En fait, toute réponse claire, rapide, définissable est exclue. Dans l’actuelle incertitude du pouvoir, il n’existe
pas de moyens rapides permettant de régler le problème en tournant un bouton. »
Adlaï Stevenson, Ce que veut l’Amérique, Réalités, décembre 1965.
Consignes type baccalauréat : Après avoir présenté le document, vous montrerez qu’il illustre les problématiques en
jeu pour les Etats-Unis dans leur rapport au monde au cœur des années 60 avant d’en montrer ses limites.
Conseils pour la mise en œuvre :
- Numérotez les lignes de 5 en 5.
- Au brouillon, présentez l’auteur.
- Au brouillon, présentez le contexte immédiat, et sur un temps un peu plus long.
- Avec un crayon à papier, définissez le thème général de chaque paragraphe pour dégager la structure du
raisonnement de l’auteur. Définissez à qui il s’adresse.

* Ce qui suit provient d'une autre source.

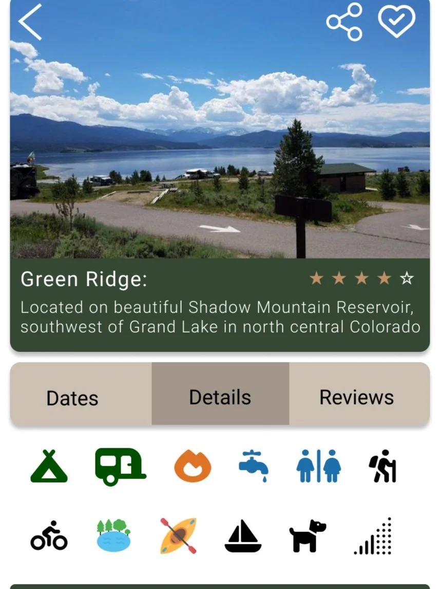 During user interviews I discovered that users want quick and easy ways to see if a campsite has the amenities campers want. To solve this problem I added icons to the main information page of each campground. Campers can see at a quick glance if their campsite has water, restrooms, electric hookups, and other amazing amenities. I also added a feature where campers can see how much cell signal a specific campsite has.
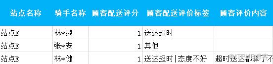 2、骑手姓名重复默认为同一个骑手;同一个骑手可能在不同站点出现差评

- Avec des feutres de couleurs différentes (bleu, vert, jaune), dans le texte surligner les passages concernant les
références au passé, les références au présent, les références à l’avenir. En parallèle, expliquez au brouillon
chaque référence en traquant l’implicite. Ainsi, vous pourrez être sensibles aux ruptures, aux permanences.
- Avec un feutre rouge, surligner les passages dans lesquels l’auteur commet des erreurs, voire fait preuve
d’exagération ou de malhonnêteté. Cherchez en les explications.
- A partir de cela, vous pouvez rédiger votre introduction, votre conclusion.
- Enfin, rédigez le corps du texte explicatif.